Rep. Aaron Bean, who chairs the House committee in charge of health and human services spending, said the system is one of the keys to the health care reform plan he will pursue this session. But he knows this plan is a hard sell.
 
“It’s going to be a challenge,” Bean said. “This is going to be competing with other things we have to buy in health care.”
 
Financing the initiative may not be his only obstacle. Bean’s plan is already drawing scrutiny from those in the health insurance business and fellow lawmakers.
 
Bean’s Healthcare Council met with four other health-related committees for more than an hour on Tuesday discussing the approach to lowering Florida’s growing uninsured population.  The audience included staff from the governor’s office, insurance and health care associations and the Office of Insurance Regulation, but no public testimony was taken.
 
Bean, a Republican from Fernandina Beach, wants to develop a virtual marketplace where employers are relieved from the burden of administering health plans and employees are allowed to choose the coverage they want.
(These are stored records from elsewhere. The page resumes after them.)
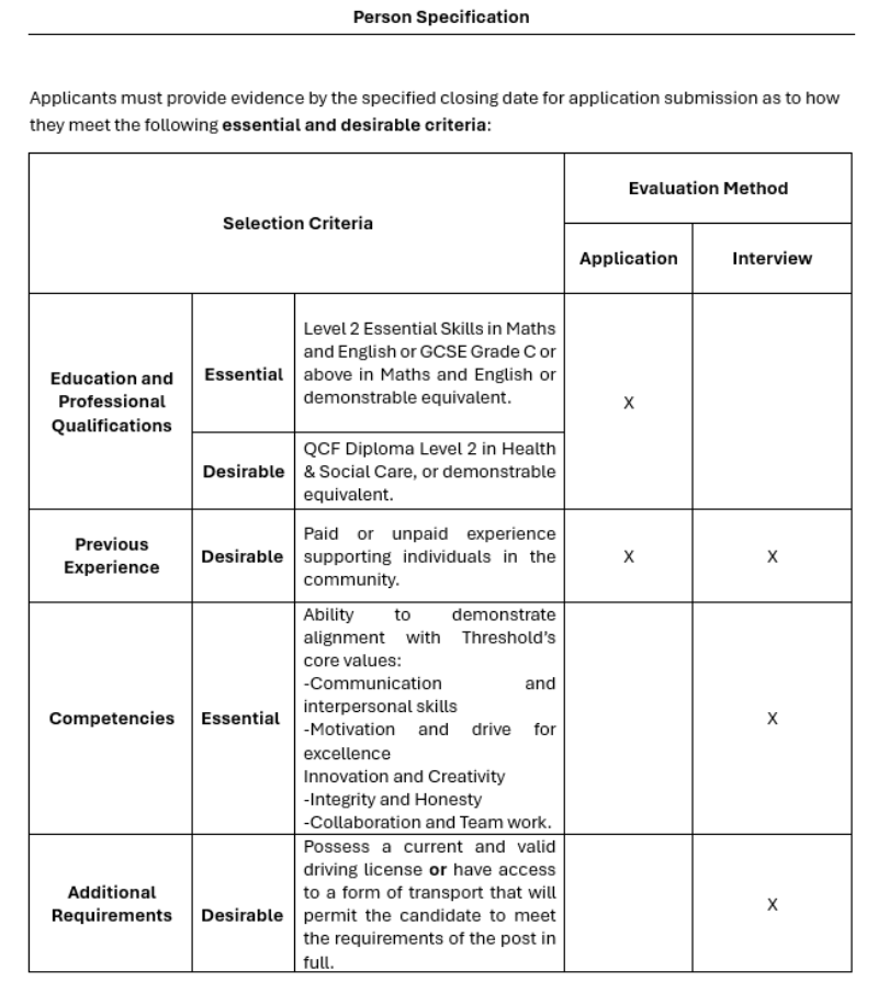 Threshold reserves the right to supplement these shortlisting criteria using additional essential and or desirable criteria from the personnel specification at subsequent stages of the shortlisting process.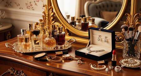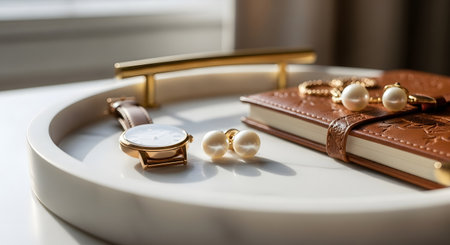 A luxurious arrangement featuring beauty products and exquisite jewelry on a marble surface, bathed in soft natural light, offering a serene and elegant atmosphere.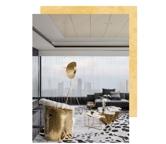 用金色“妆”点家居,当然也不能流于俗套。对 “金”色的色调和饱和度

Moreover, people could take the coverage with them when they leave their job. The Heritage Foundation, a conservative think tank, is credited with the idea.
 
Mary Beth Senkewicz, deputy insurance commissioner for life and health from the Office of Insurance Regulation, said Bean’s plan differs from the Heritage proposal in at least two ways. First, he would take away all “mandates” – legally required minimum benefits – while the Heritage Foundation retains some.
 
Second, Bean would drop the state’s financial oversight for insurance companies and managed care plans if they bought a performance and payment bond. To Senkewicz, whose office now regulates insurers, that “is a little frightening.”
 
Bean said the virtual marketplace would be open to all Floridians who work for a firm that is willing to join it. While the company might have to pay a user fee,  it would not be required to contribute to the worker’s health coverage and there would be no minimum percentage of the work force required for participation.
 
Jim Bracher, vice president of the Florida Association of Health Plans, said that eliminating those requirements “is going to be a concern.” If only one employee participates, it will likely be the one whose health is at greatest risk, he reasoned.
 
Senkewicz and Bracher were also concerned that there would be one set of rules  inside Bean’s marketplace and another in the traditional group market, where plans are required to cover 51 state mandates and meet solvency requirements.  Senkewicz said this  “parallel universe” could cause trouble.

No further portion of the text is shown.